Use the AI SDK to orchestrate multiple specialized agents. Each agent handles a specific domain (search, code, analysis), and a router agent decides which to invoke based on the user's request. The maxSteps parameter in streamText enables multi-step reasoning where the LLM can call tools, evaluate results, and decide on next actions autonomously.

const result = streamText({
  model: openai('gpt-4o'),
  system: `You are a router agent. Analyze the user's request and use the appropriate tool.`,
  tools: {
    researchAgent: tool({ /* ... */ }),
    codeAgent: tool({ /* ... */ }),
    dataAgent: tool({ /* ... */ }),
  },
  maxSteps: 10, // Allow complex multi-step reasoning
  messages,
});

Real-Time Collaboration

Build collaborative AI experiences where multiple users interact with the same AI session. Use the SDK's streaming capabilities with WebSocket or Server-Sent Events for real-time updates. Combine useChat with a shared state store (like Liveblocks or PartyKit) to synchronize messages across clients.

Custom UI Components

Build custom UI components that render AI-specific content: code blocks with syntax highlighting, interactive charts from structured data, image galleries from generated images, and streaming markdown with progressive rendering. Use the SDK's message.parts array to render different content types (text, tool calls, tool results) with specialized components.

Future Outlook

The Vercel AI SDK is evolving toward full-stack AI development — covering not just chat and text generation but also embeddings, fine-tuning, evaluation, and deployment. The goal is a single toolkit that covers every aspect of building AI-powered applications. Recent additions include the ToolLoopAgent for autonomous agent workflows, improved RAG utilities, and better support for multi-modal inputs.

The most significant trend is AI-native UI patterns — interfaces designed specifically for AI interaction rather than adapting traditional UI patterns. This includes streaming-first layouts, progressive disclosure of AI reasoning, and interactive tool results that users can explore and modify.
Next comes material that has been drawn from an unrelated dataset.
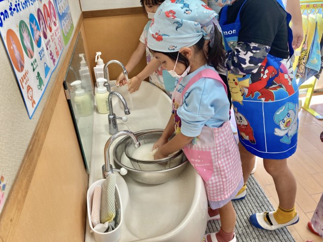 お米研ぎを体験して、「白色の水だー」「綺麗になった」と白く濁っていた水が透明になっていくことを実感していました!

The SDK's architecture makes it straightforward to implement these patterns without fighting the framework.

Conclusion

The Vercel AI SDK is the most productive way to build AI-powered React applications. Its unified provider abstraction, streaming-first design, and deep React integration eliminate the boilerplate and complexity of LLM integration, letting you focus on building great user experiences.

Key takeaways:

  1. The AI SDK abstracts LLM provider differences behind a unified, type-safe API
  2. Streaming is built-in and should be used by default for better UX
  3. Use useChat for conversational interfaces, useCompletion for text generation
  4. Implement tool calling with the tools parameter and Zod schemas
  5. Use generateObject for structured output with guaranteed schema compliance
  6. Keep API keys server-side using Server Actions or Route Handlers
  7. Match models to tasks — use smaller models for simple operations, larger for complex reasoning

Start by building a simple chat interface using useChat and a Route Handler. Once comfortable, add tool calling for interactive capabilities and structured output for data extraction. The AI SDK's incremental adoption path means you can start simple and add complexity as needed.